┏━━

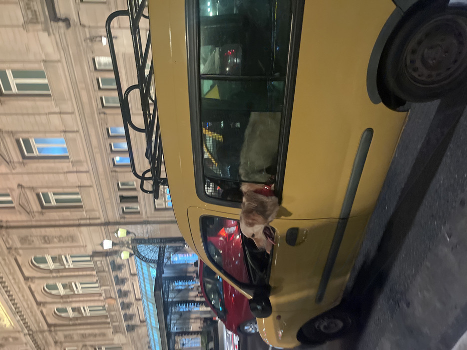 An evening street scene in Buenos Aires, Argentina, depicts a yellow Renault Kangoo van on Libertad Street, in the San Nicolás neighborhood, near the Teatro Colón. A light-colored dog, appearing to be a Golden Retriever, with reddish-brown fur on its head and ears, and wearing a red collar, has its head extended outside the open driver's side front window; its tongue is slightly visible. The van is equipped with a black roof rack. In the background, a multi-story, classical-style stone building featuring arched windows and balconies is illuminated. An ornate streetlamp with multiple globes and a prominent blue-lit glass-and-metal canopy structure, associated with the Teatro Colón entrance, are also visible. A red vehicle is partially obscured behind the yellow van. The street surface consists of dark asphalt.
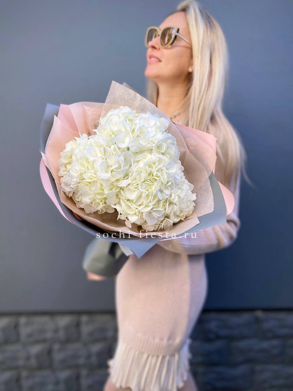 Воздушные шапки соцветий собраны в пышную охапку белоснежного цвета. Гортензия создаёт объёмную текстуру и заполняет пространство мягким природным светом. Букет для тех, кто ценит чистоту линий и естественную красоту.
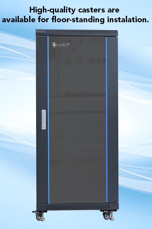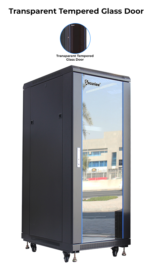 Featuring tempered transparent glass doors, the cabinet provides crystal-clear visibility for monitoring your equipment without compromising security. At the same time, with high-strength tempered glass, the cabinet will resist scratches, heat, and impact, ensuring long-lasting performance.

┗━━

WHAT TO DO — Quote in full the listing given above; the images are to be left out.

SOLUTION TO THIS TASK —
 An evening street scene in Buenos Aires, Argentina, depicts a yellow Renault Kangoo van on Libertad Street, in the San Nicolás neighborhood, near the Teatro Colón. A light-colored dog, appearing to be a Golden Retriever, with reddish-brown fur on its head and ears, and wearing a red collar, has its head extended outside the open driver's side front window; its tongue is slightly visible. The van is equipped with a black roof rack. In the background, a multi-story, classical-style stone building featuring arched windows and balconies is illuminated. An ornate streetlamp with multiple globes and a prominent blue-lit glass-and-metal canopy structure, associated with the Teatro Colón entrance, are also visible. A red vehicle is partially obscured behind the yellow van. The street surface consists of dark asphalt.
 Воздушные шапки соцветий собраны в пышную охапку белоснежного цвета. Гортензия создаёт объёмную текстуру и заполняет пространство мягким природным светом. Букет для тех, кто ценит чистоту линий и естественную красоту.
 Featuring tempered transparent glass doors, the cabinet provides crystal-clear visibility for monitoring your equipment without compromising security. At the same time, with high-strength tempered glass, the cabinet will resist scratches, heat, and impact, ensuring long-lasting performance.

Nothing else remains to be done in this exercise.